Tot enkele jaren geleden werd in de bouwpraktijk zo goed als uitsluitend gewerkt met het contractuele model dat door de rechtsvoorganger van Koninklijke Bouwend Nederland, VG Bouw, werd geïntroduceerd in 1992 en algemeen als het VG Bouw Model Bouwteamovereenkomst 1992 wordt aangeduid. Inmiddels zijn er twee nieuwe modellen bijgekomen, en wel de Modelovereenkomst Bouwteam DG 2020 en Model Bouwteamovereenkomst 2021 (laatste opgesteld door Koninklijke Bouwend Nederland en te beschouwen als de opvolger van het VG Model Bouwteamovereenkomst 1992). Bij de totstandkoming van de recente modellen (Model DG 2020 en VG Model 2021) zijn door de opstellers ervan verschillende keuzes gemaakt, die toch wel opvallend te noemen zijn.
Bijzonder genoeg hebben beide opstellers (Koninklijke Bouwend Nederland respectievelijk een special interestgroep van het platform Duurzaam Gebouwd) er voor gekozen om er geen zogeheten ‘paritaire documenten’ van te maken. Dat heeft als voordeel dat indien de overeenkomsten als model worden gebruikt in het kader van een aanbestedingsprocedure, er afgeweken mag worden van de modelteksten, zonder dat dit tot een motiveringsplicht voor de aanbestedende dienst lijdt.

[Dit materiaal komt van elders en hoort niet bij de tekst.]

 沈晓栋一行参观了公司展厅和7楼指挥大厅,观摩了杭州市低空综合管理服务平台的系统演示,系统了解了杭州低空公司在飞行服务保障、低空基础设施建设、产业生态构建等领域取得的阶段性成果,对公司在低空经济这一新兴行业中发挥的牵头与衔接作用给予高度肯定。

Voor de bouwrechtpraktijk is het gegeven dat er nu keuze is uit drie verschillende Model Bouwteamovereenkomsten van groot belang. De vraag welk Model van de drie het beste bij uw bouwproject past is aan de hand van de modellen, niet zonder meer te beantwoorden. Het zijn voor de bouwrechtpraktijk alle drie goed bruikbare modellen. Wél is het zaak om stil te staan bij het feit dat er drie modellen zijn, en dat er dus ook iets te kiezen valt voor de opdrachtgever.